How can this help government data? Michael Dalton from the Bureau of Labor Statistics talked about how he was able to use data from Career Builder to help validate the BLS’s Job Openings and Labor Turnover Summary (JOLTS), which makes plenty of sense. One can imagine that aggregated data from payroll provider could be invaluable. But if the company sees the value in the data, they may no longer make it publicly available. And one of the goals of using this data is to save money, not spend more.
Public Administrative Data
It seems that at every conference we attend, the Census Bureau has a session on their attempts to increase survey response rates (sometimes it’s as simple as changing the font on the envelope). In a slight twist on that, this conference had a session on the Census’s attempts to increase trust in the Census and alleviate concerns about privacy.
A central problem the Census faces is non-responses. Historically, if a household doesn’t respond to the Census, someone is sent to knock on their door. If no one answers, they might talk to a neighbor, and find out how many people live in the non-responder’s house. It turns out, some people find this creepy!

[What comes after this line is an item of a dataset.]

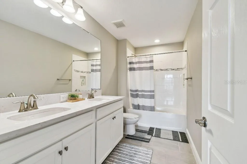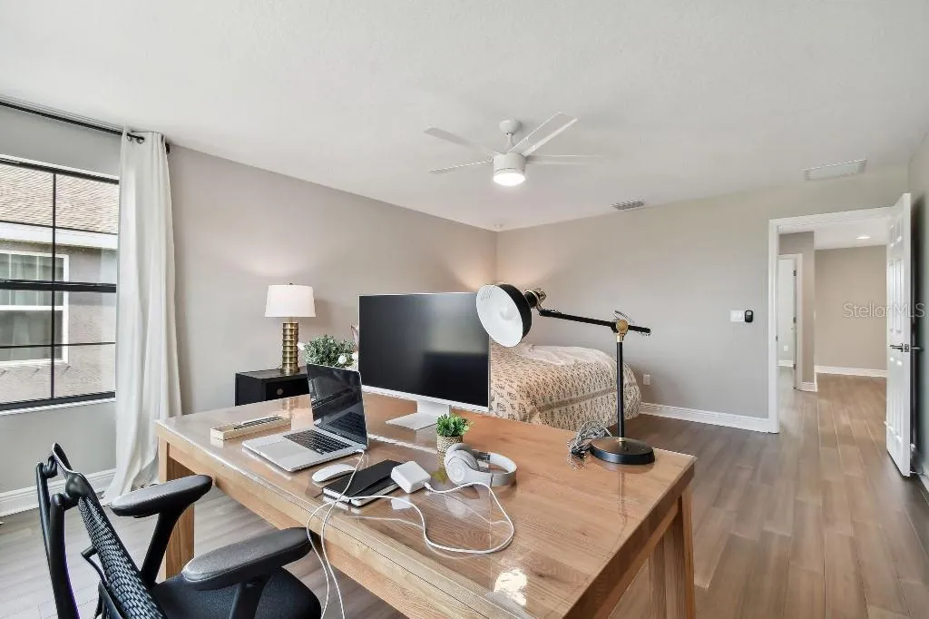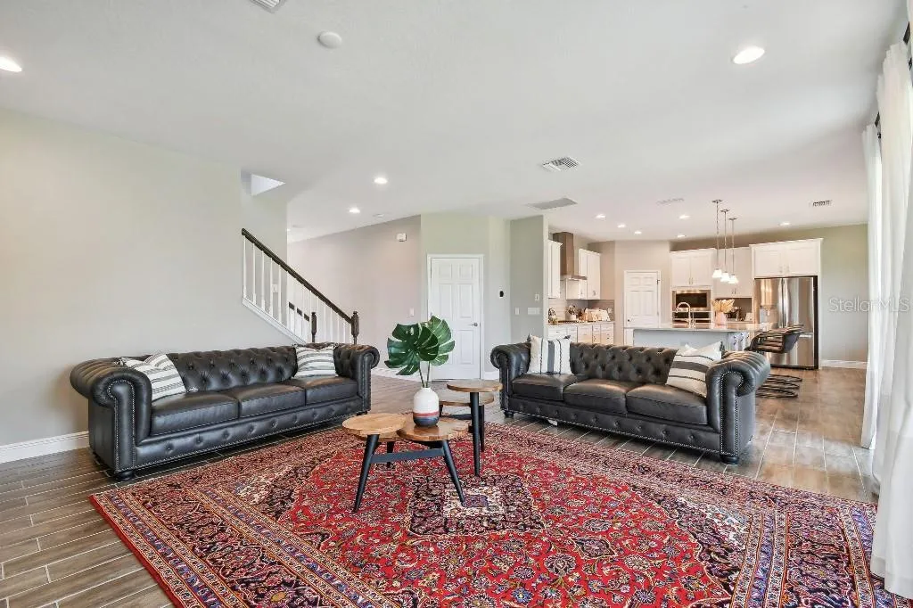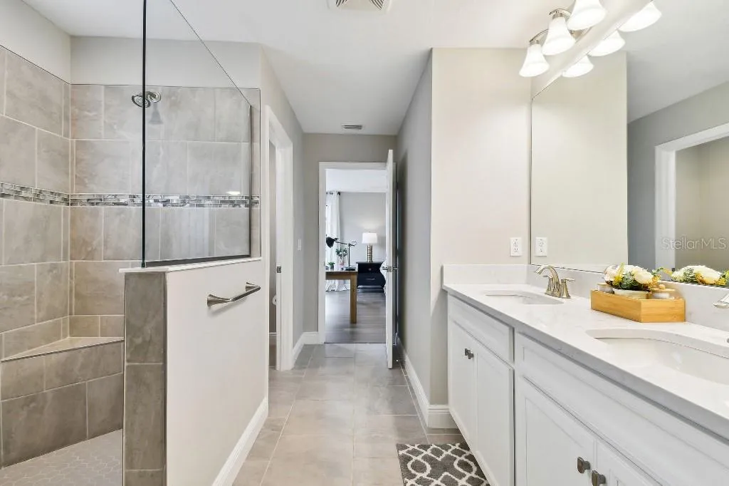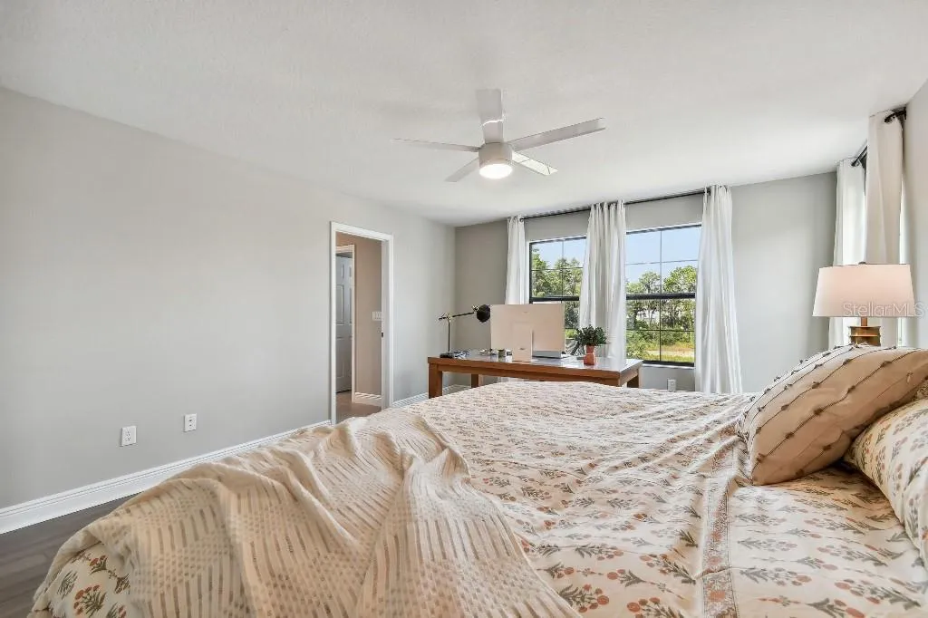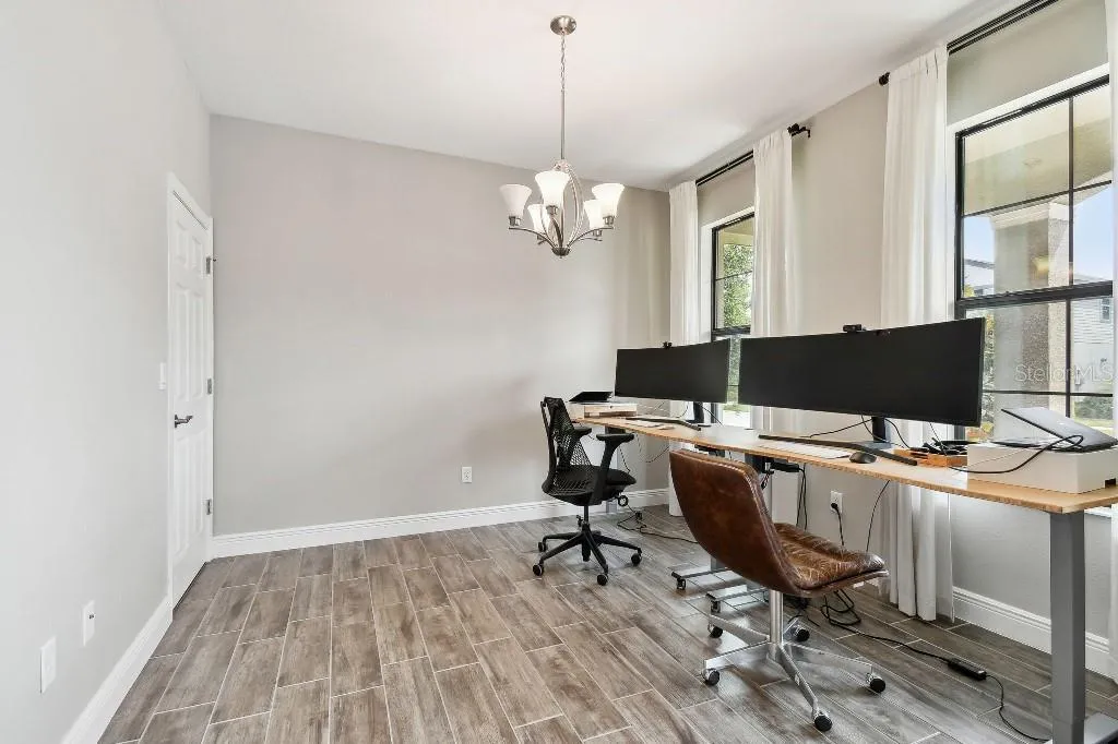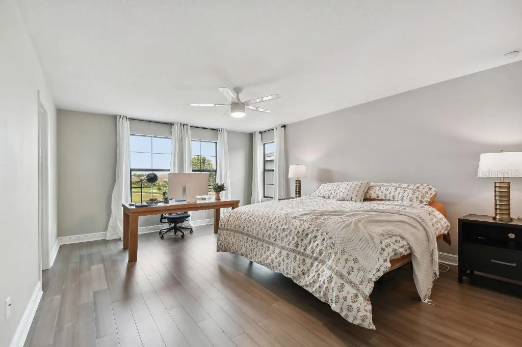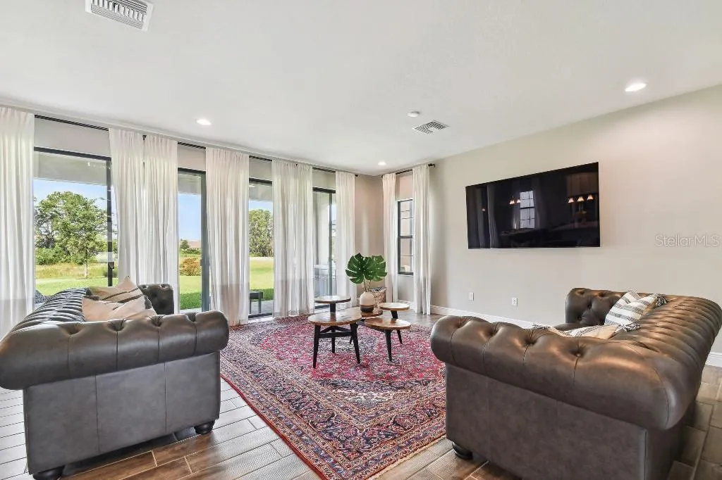 Welcome to this charming single-family home nestled in a tranquil neighborhood of Bexley! Step right in through the covered porch, through the modern front door into a bright foyer which leads into the great room. While passing through the foyer on your right you will find a powder room and a flex space perfect for a den/office or living room. Upon entry into the open-concept great room you are warmly greeted with breathtaking views of sprawling green lawn, a wetland conservation pond, birds and sunsets through the 4 large glass panel sliding doors. The great room seamlessly integrates into a large gourmet kitchen with, wall oven and wall microwave, range-hood, oversized white Corian quartz island and countertops along with white Timberlake cabinets providing plenty of storage and prep space. There is even more storage available in the adjoining walk-in pantry! In addition to the dining space at the kitchen island there is also a dining area adjacent to the kitchen. The spindled wood staircase leads you to the 2nd floor where you can retreat to the private master suite with a relaxing ensuite bathroom and oversized walk-in closet! On the 2nd floor you will also find 3 other bedrooms, a secondary bathroom, a laundry room and a bonus room perfect for an entertainment room or an office. Enjoy a pet-friendly, carpet-free house with upgraded wood-look tile on the 1st floor and wood flooring on the 2nd floor. Back on the 1st floor step outside the 4-glass slider door to your backyard oasis, ideal for gatherings or enjoying peaceful moments. With over 50 feet of yard, it’s large enough for a future pool! The lanai comes outfitted with a granite top stainless steel summer kitchen! The home is comfortably located within close distance from Bexley Elementary school! Bexley has lots of parks, trails for bikers and joggers, fitness stations, 2 club houses, café, gym, 3 pools, plenty of greenery and wildlife. There is a retail ‘hub’ with shops & restaurants, co-working spaces, a hotel, petrol pump, emergency, primary and specialty healthcare center, veterinary hospital, elementary and middle schools, day care centers, all conveniently located within the community. The owners love this community so much that they are moving into a preplanned customized home within Bexley! This immaculate 2-year-old Westbay home offers the perfect blend of comfort and convenience. Don’t miss out on the opportunity to make this your dream home!

As an alternative, the Census could use administrative data, such as the aforementioned HUD/USPS vacancy data, or Social Security address data, to get information about non-responders. Is that less creepy? The Census did their own surveys (as you’d expect) and conducted some focus groups, and found that by and large, the public already expects that different government entities share data, and so people didn’t have a problem with this. Unfortunately, it also meant they might be less apt to share data with the Census, because they think it might get shared with, say, the Department of Homeland Security, or the IRS. (It doesn’t.) As usual, the specific wording often plays a big role in people’s attitudes towards what the Census does.
But it’s not always easy for different government agencies to share data. The Bureau of Economic Analysis wanted to use Census data to help their calculations of the GDP, and ran into all kinds of roadblocks. The Census Bureau and BEA are part of the same government agency (the Commerce Department). As of this year, they work in the same building. As Nancy Potok put it, “That’s at the far end of the ridiculous spectrum.”
Hearing all this talk about administrative data was interesting after my visit earlier this year to the ACS Data Users Conference. There, the talk was about how administrative data was a fad, and the real solutions were going to come through better use of survey data. It makes sense, though, that a conference devoted to survey data might be skeptical of other data. But it definitely drives home the sense that there are multiple perspectives on this.
One of the points made by various speakers is that use of administrative data is in its infancy. With survey data, we have decades of standards and methodologies around margins of error, sample sizes, etc. Little of that exists with administrative data, so far. We’ll see at next year’s APDU conference how far along its coming.